I do not think that turning on xattr is the root cause of your
problem with the pool.

BTW: Does your system use ECC for its RAM?

You can set

	vfs.zfs.recover="1"

in /boot/loader.conf (or at the loader prompt) to prevent many
consistency checks, that cause panics. But I'd make sure that
no writes occur, else the corruption may become much worse than
it already is.

I have been able to recover my own ZFS pool and help somebody
else with recovery, and the method might be applicable to your
case, too:

You may want to try accessing the pool with zdb, which has a userland
implementation of a lot of the kernel code. That way, you can avoid
crashing your system and you can possibly go back to a state, where
the pool was sane.

I'd rewind to a sane TXG, backup and rebuild the pool from that state.
But in theory you could even continue using the pool, starting from
a state where internal is (was) consistent.
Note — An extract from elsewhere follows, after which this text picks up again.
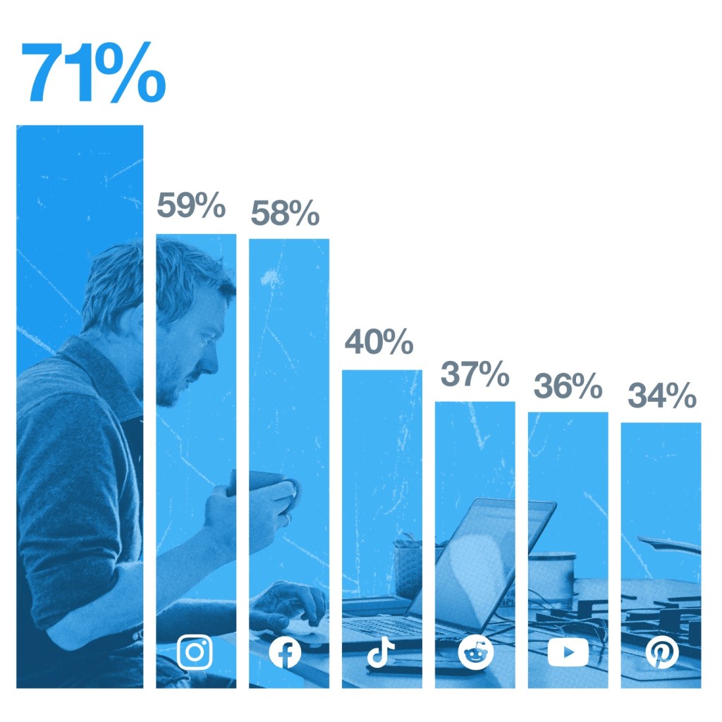 It is currently the best place to connect with your target audience as a business. In a 2021 Twitter study of how people engage with brands on social media, 71% of people rated Twitter as good or great for brand interaction. Instagram and Facebook followed with 59% and 58% respectively.

> Second or alternately, if I want to just dump the filesystem out excluding
> the extended attributes, so that I have a clean, mountable data set, how
> would I do that?

I'd try too check the pool state with zdb, adding the options "-AAA -L".

You could list the history to select a TXG that is recent enough to
be acceptable as a recovery point ("zdb -AAA -L -hv <POOLNAME>").

Then look at the poll with various zdb commands, e.g. "-d", "-b", "-m"
inserted into "zdb -AAA -L -t <TXG> <CMD> <POOL>". Select values for
TXG from the history - zdb will execute the commands as if the pool
still was at the corresponding point in time.

If zdb can report pool statistics and pool details (e.g. metaslabs)
without crashing (and without the need for -AAA and -L), then there
is a good chance, that you rewound to a sane TXG and that you will be
able to recover your data as it was at the time the TXG was written.

I'd still only mount R/O and perform a dump as soon as possible.
I'm short of time and probably unable to help with any details, but
you'll find debug and recovery hints on the web (some apply only to
the Solaris version of ZFS, but most can be used for the FreeBSD
implementation as well).

Good luck ...

Regards, STefan